费城禁令的特殊性在于其覆盖范围。它不是禁止「在法庭使用」,而是禁止「进入法院建筑」——这意味着律师、记者、旁听者、甚至前来提交文件的普通市民,只要佩戴智能眼镜即构成违规。对于依赖处方镜片的用户,这相当于强制携带备用眼镜或接受视力不便。
更深远的影响在于判例效应。美国法院系统的规则制定具有高度分散性,各州、各县、甚至单个法官都有自主权。费城的「建筑级禁令」若被其他司法管辖区复制,智能眼镜的可用场景将系统性收缩。Meta正在推动的「全天候佩戴」叙事,与「进入特定建筑必须摘除」的现实形成结构性冲突。

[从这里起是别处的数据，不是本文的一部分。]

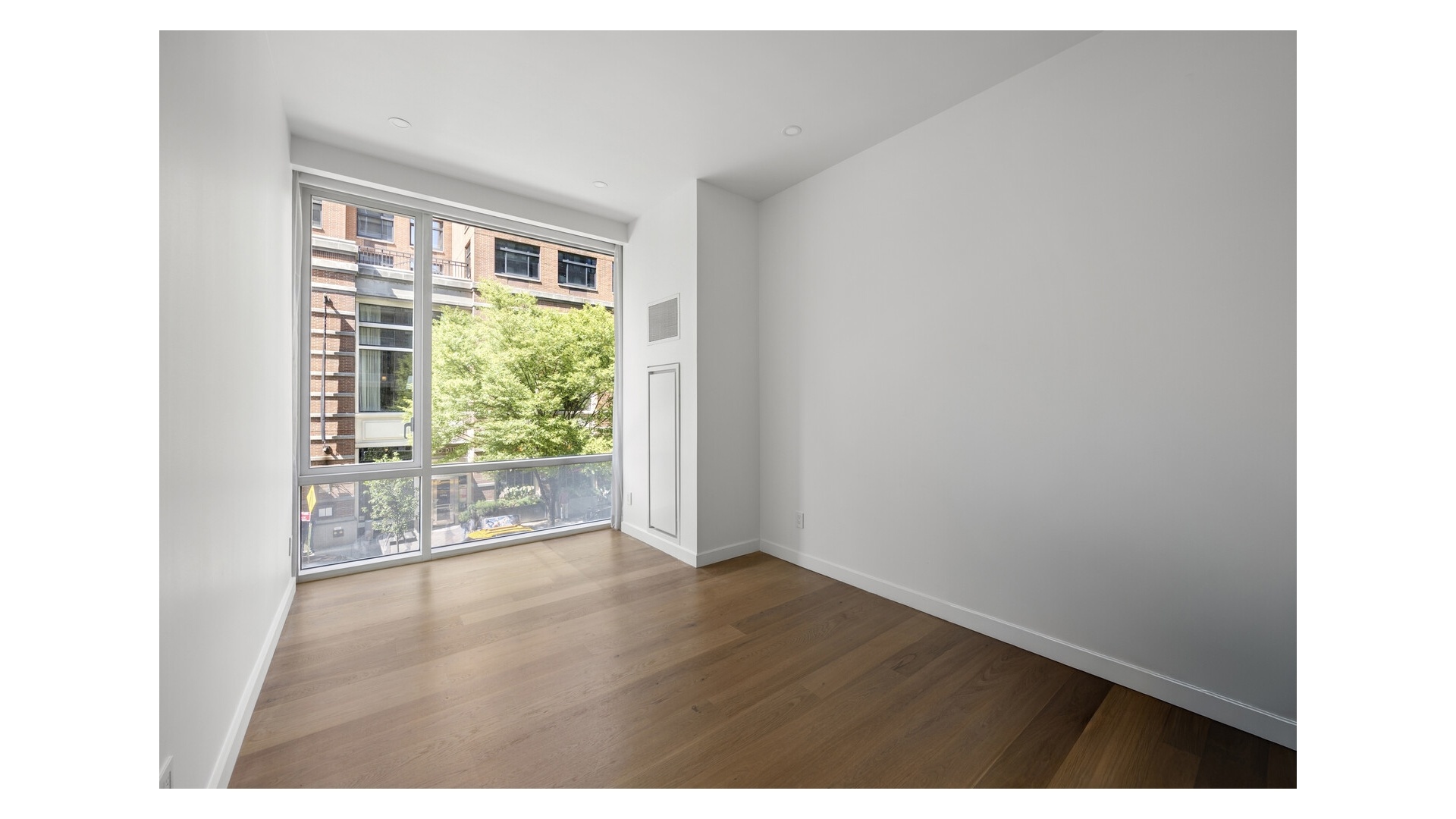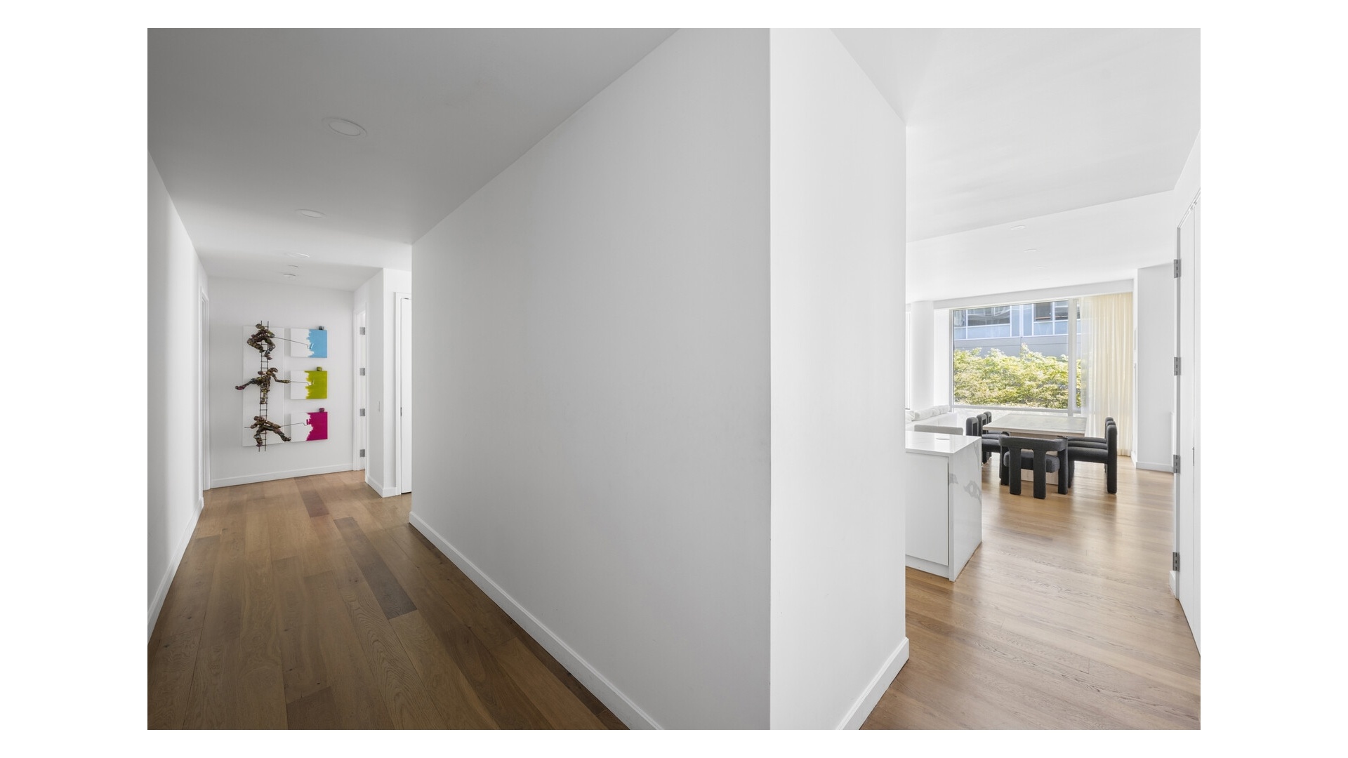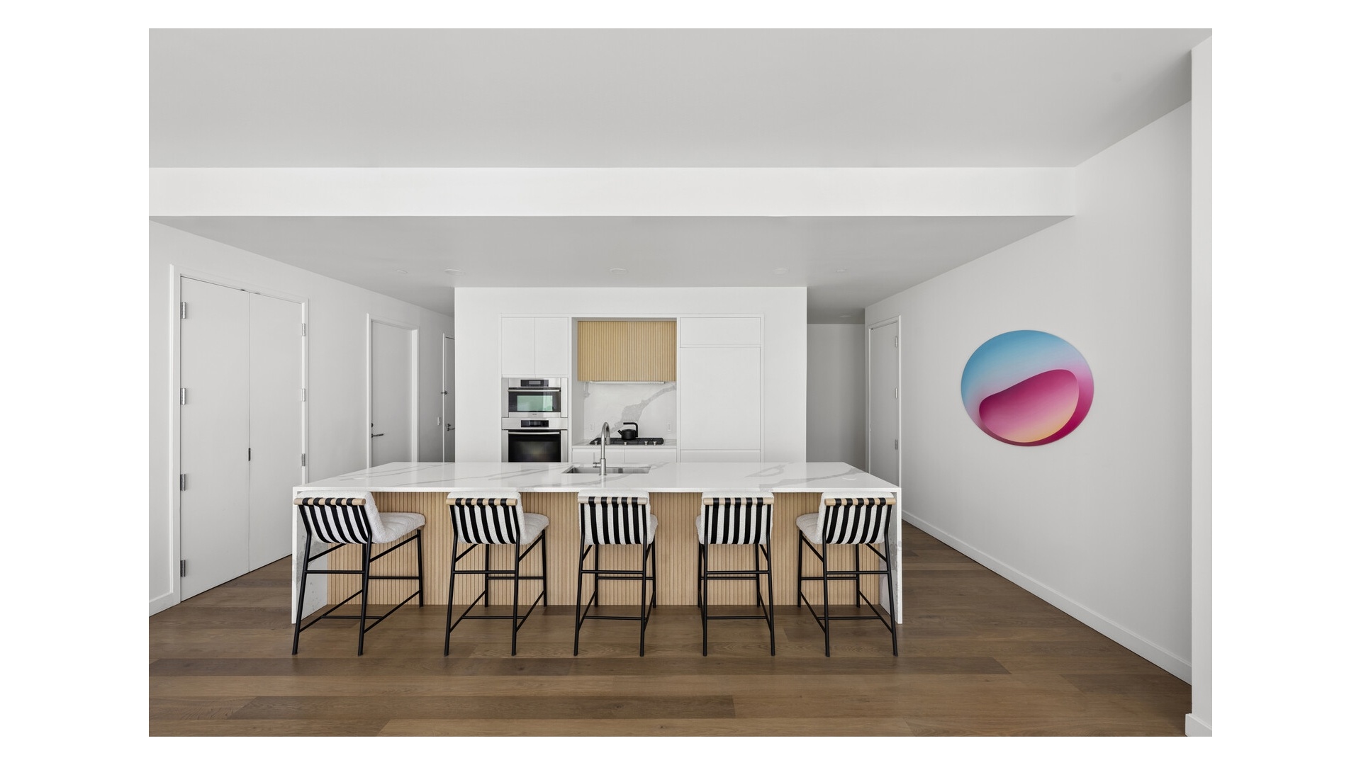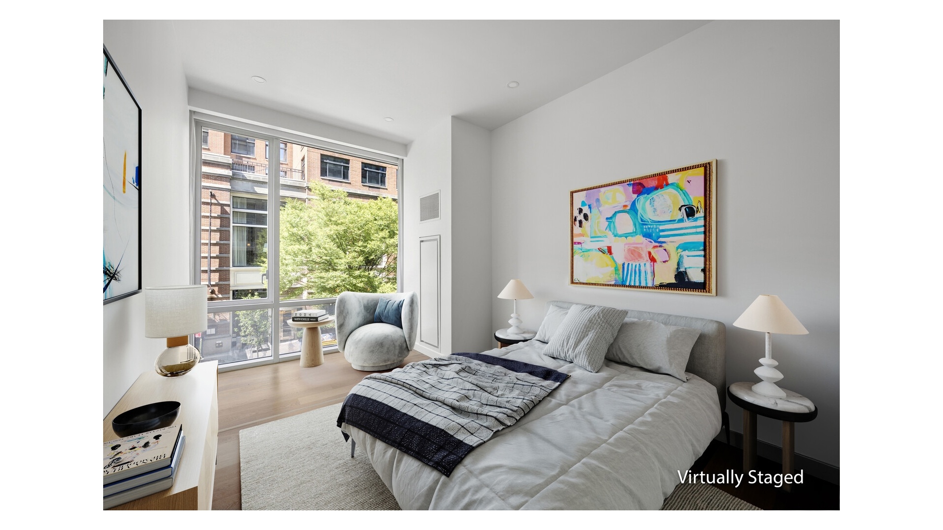 The layout is intelligently designed, with each bedroom fully separated for maximum privacy. The open kitchen is outfitted with sleek Valcucine cabinetry and top-tier appliances from Sub-Zero, Miele, and Gaggenau. The primary suite includes a walk-in closet and a five-piece marble-clad bath with radiant heat, a cast-iron soaking tub, frameless glass shower, and Lefroy Brooks fixtures.

技术史上有过类似拉锯。谷歌眼镜2013年发布后因「隐私恐慌」迅速边缘化,但当时的反对声音主要来自公众情绪,缺乏制度化的空间排斥。费城禁令代表了一种新形态:不是舆论抵制,而是明文划定的「技术禁区」。智能眼镜厂商过去应对的是「用户愿不愿意戴」,现在必须面对「法律允不允许出现」。
检测困境与执行成本的隐性转移
O'Rourke承认「尚不清楚是否会增设额外安检措施」。这句话的潜台词是:禁令的执法成本被转嫁给了入口安保人员,但具体怎么执行没有方案。
智能眼镜的识别难题没有低成本解决方案。金属探测无效,X光成像无法区分电子元件与装饰性金属,人工目检需要培训且误差率高。若严格执行,法院入口可能形成类似机场安检的排队瓶颈;若选择性执行,禁令的威慑力又取决于「被抽查到的概率」而非「违规的确定性后果」。
费城法院系统的年人流量超过300万人次(据宾州法院年度报告推算)。在零额外预算的假设下,现行安检人员是否有能力识别智能眼镜?O'Rourke没有回答。这种「先立法、后想办法」的模式,在技术监管领域反复出现——规则的象征意义先于执行的可行性。
唯一明确的例外条款是「事先书面许可」。法官或法院领导层可特批个别用户携带智能眼镜进入,但申请流程、审批标准、公示方式均未公开。这为权力寻租或选择性执法留下了空间,也让禁令的公平性存疑。
当扎克伯格在洛杉矶法庭摘下那副眼镜时,他面对的是一个具体法官的具体指令。费城正在建立的,是一套不需要法官在场、不需要个案判断的自动化排斥系统。对于押注「智能眼镜将成为人体器官延伸」的科技公司来说,哪种阻力更难克服?